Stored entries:
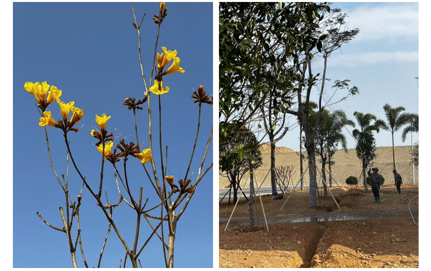 2023年3月12日,東粵環保的生產區域煥然一新。生產樓大門前的狐尾椰子樹,搖曳生姿,獨領風騷;一旁的桂花樹,沉靜內斂,毫不遜色;與其相陪襯的還有灰莉球、黃金葉球等,象征著樸素自然、清潔純凈。最引人矚目的莫過于黃花風鈴木,黃色的花蕾映照綠樹婆娑的身影,更顯生機活力,象征感恩的寓意。
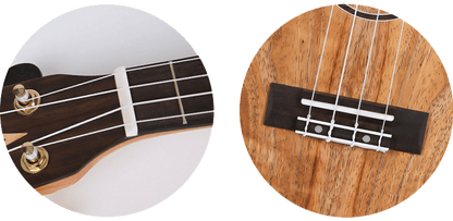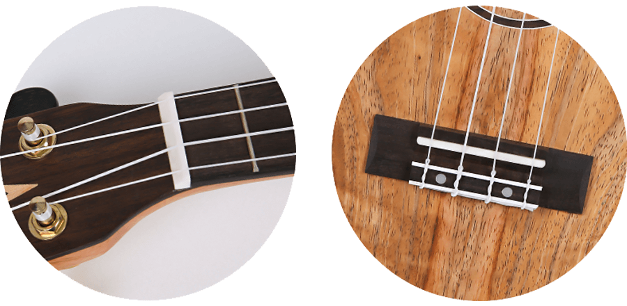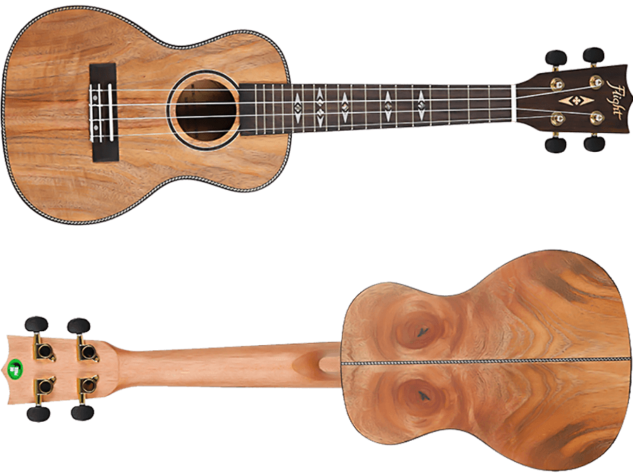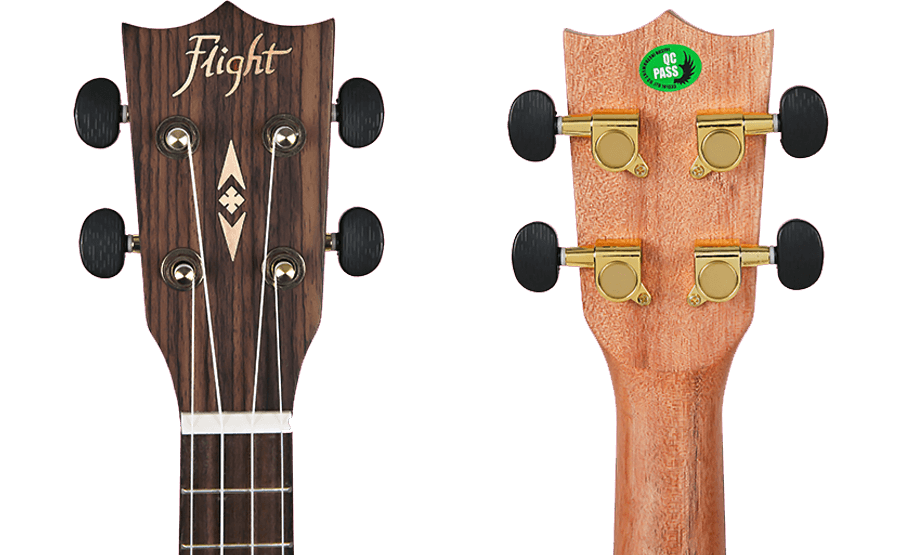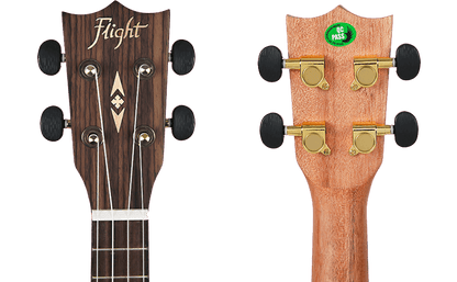 Despite its small size, the nut of an instrument plays a crucial role in its sound. In contrast to most other guitars, the DUC450's nut and saddle made from bone, not from plastic. The exquisite details on this ukulele only add to its uniqueness. The Flight ukulele's headstock is equipped with geared tuners to ensure it stays in tune. In addition to being lightweight and stylish, Flight gig bags offer excellent protection for your uke and will not only help you stay organized but will also turn heads.
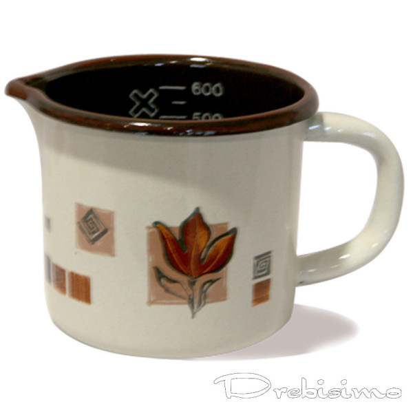 Описание на 600 мл бяло емайлирано канче с декор Рустика:
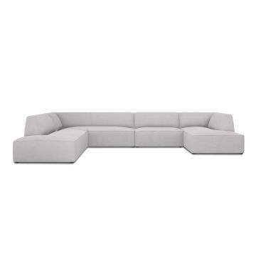 Canapea panoramica 6 locuri, Jennifer-51, Micadoni Home, 364x166x70 cm, catifea, gri deschis
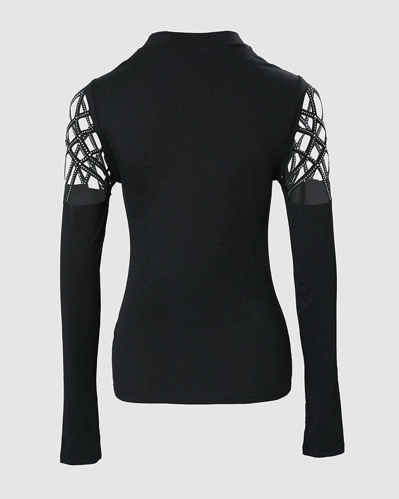 Design Details: Hollow-out panels on the shoulders and upper sleeves are embellished with sparkling rhinestones, adding a touch of glamour. Thumb hole cuffs lend a modern, edgy detail, while the sweetheart-inspired neckline subtly enhances the feminine appeal.
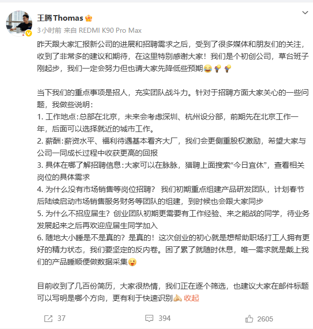 原小米中国区市场部总经理为王腾。9月8日,小米发布内部邮件,辞退中国区员工王腾。辞退理由为泄密和存在利益冲突等严重违规违纪行为。

Work item
Because the pictures are not wanted, retype only the text of every record, exactly as given.

Problem solution
 2023年3月12日,東粵環保的生產區域煥然一新。生產樓大門前的狐尾椰子樹,搖曳生姿,獨領風騷;一旁的桂花樹,沉靜內斂,毫不遜色;與其相陪襯的還有灰莉球、黃金葉球等,象征著樸素自然、清潔純凈。最引人矚目的莫過于黃花風鈴木,黃色的花蕾映照綠樹婆娑的身影,更顯生機活力,象征感恩的寓意。
 Despite its small size, the nut of an instrument plays a crucial role in its sound. In contrast to most other guitars, the DUC450's nut and saddle made from bone, not from plastic. The exquisite details on this ukulele only add to its uniqueness. The Flight ukulele's headstock is equipped with geared tuners to ensure it stays in tune. In addition to being lightweight and stylish, Flight gig bags offer excellent protection for your uke and will not only help you stay organized but will also turn heads.
 Описание на 600 мл бяло емайлирано канче с декор Рустика:
 Canapea panoramica 6 locuri, Jennifer-51, Micadoni Home, 364x166x70 cm, catifea, gri deschis
 Design Details: Hollow-out panels on the shoulders and upper sleeves are embellished with sparkling rhinestones, adding a touch of glamour. Thumb hole cuffs lend a modern, edgy detail, while the sweetheart-inspired neckline subtly enhances the feminine appeal.
 原小米中国区市场部总经理为王腾。9月8日,小米发布内部邮件,辞退中国区员工王腾。辞退理由为泄密和存在利益冲突等严重违规违纪行为。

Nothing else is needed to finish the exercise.